BigInteger and Long could keep a reference to the String representation (or 
something other efficient) and just convert to the internal representation 
when absolutely needed (when doing calculations).
 
That is basically what I did for the BigInteger issue I had. But I just 
implemented my own BigInteger and custom serializer that just disable all 
methods except a few. I don't need calculations on these objects, but 
changing the 2000+ references is not an option - nobody ever listens to 
remarks of the GUI guys but we are always blamed when the appcation is not 
responsive.
 
David
On Monday, March 4, 2013 1:10:55 AM UTC+1, Evan Ruff wrote:

> Guys,
>
> On the heels of David's post, I was going through my application and 
> noticed some poor RPC performance as well... much poorer than I remember. I 
> went through my code and noticed that I'm using Longs in every object, as 
> that's the default @Id for Objectify on AppEngine.  Is there a simple way 
> to get the GWT-RPC to serialized these differently by default? I'd really 
> like to keep everything as is without having to swap out everything, as the 
> Android and AppEngine Servlets are working great.
>
> Thanks!
>
> E
>
> On Tuesday, February 26, 2013 4:55:56 AM UTC-5, stuckagain wrote:
>>
>> People,
>>
>> Just to post some feedback on my problem, I actually found a working 
>> solution and I think there is a lesson in here that it warrant me writing 
>> back in this thread.
>>
>> I managed to implement my own custom serialisation based on the flickr 
>> post.

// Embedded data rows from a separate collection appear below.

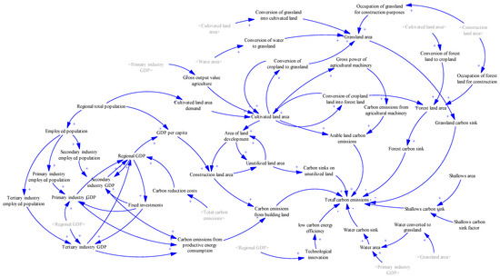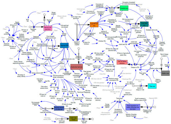 System dynamics (SD), proposed by Forrester, has significant advantages in understanding non-linear, multivariate, and dynamic carbon emission processes [24]. The method has been implemented extensively in the prediction of regional low-carbon economic development models and the prediction of land resource demand under low-carbon requirements. Zeng et al. [25] developed an SD model for reductions in carbon emissions and pollution, and investigated the effects of different policy combinations on regional pollution reduction and carbon reduction in four scenarios. Wang et al. [26] utilized the published scenes for climate change of CMIP6, coupled with the SD model, and the PLUS model to simulate the land use and carbon stock changes in Bortala. Tang et al. [27] used a combination of shared socio-economic pathways and representationally concentrated pathways for three future scenarios, the SD model, and the PLUS model to simulate the land use patterns. However, at present, the application of the SD model in the simulation of municipal land use carbon emissions is still relatively limited.
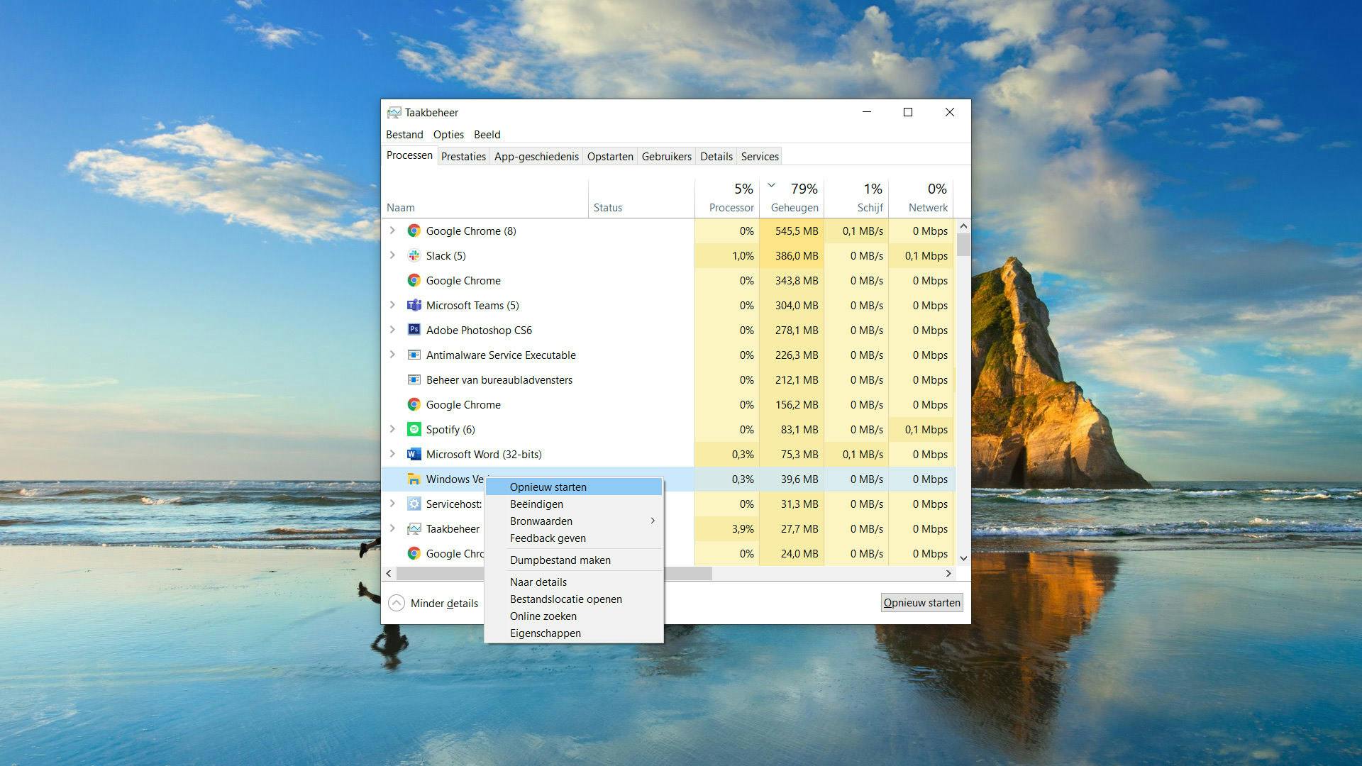 Het kan ook zijn dat de Windows Verkenner roet in het eten gooit voor het aanmaken van een map in Windows 10. Wat je kunt proberen is het opnieuw opstarten van de Verkenner. Open daarvoor Taakbeheer via Ctrl + Shift + Esc. Ga naar de tab voor processen en druk met je rechtermuisknop op Windows Verkenner. Selecteer de optie Opnieuw opstarten.
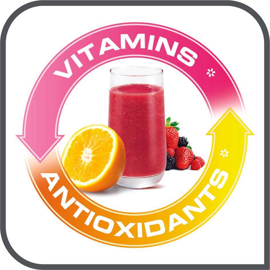 * Laboratoriumtests uitgevoerd met 1 kg frambozen voor het sap, 1 kg sinaasappelen voor de vitamine C en 1 kg druiven voor de antioxidanten, vergeleken met de Tefal ZN655H-sapcentrifuge
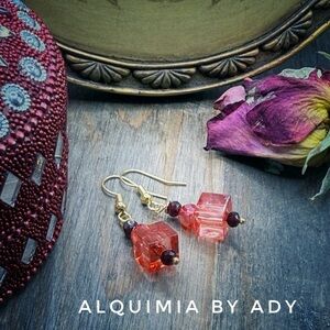 GOLD + RED TURQUOISE + CRYSTAL Victorian long earrings

I managed to double the performance and I implemented it so that I 
>> don't use recursion to make it possible to move to an incremental approach 
>> to avoid stack overflows.
>>
>> But x2 is still too long to be acceptable so I ran it through the IE9 
>> profiler and I noticed that most of the time was actually spent in 
>> BigInteger and Long methods...
>>
>> That made me remember the discussion a long time ago that longs are 
>> emulated in GWT and we should avoid them unless absolutely needed. I 
>> switched to sending a byte array for these id fields and I got a 10x speed 
>> increase (and that is with the regular GWT serialisation, not my own 
>> version). I did not realize that Longs were that costly (on IE).
>>
>> So, that resolves the performance issue for me. Sure, another round of 
>> thinking is needed to avoid sending such large object trees in the first 
>> place, but this offers an acceptable solution for now - and since browsers 
>> like Chrome and FireFox (and even IE) are becoming much faster I might not 
>> even need to further improve it.
>>
>> David
>>
>> On Wednesday, February 13, 2013 5:31:10 PM UTC+1, stuckagain wrote:
>>>
>>> Thomas,
>>>
>>> I just read the article on how they improved parsing time in flickr ... 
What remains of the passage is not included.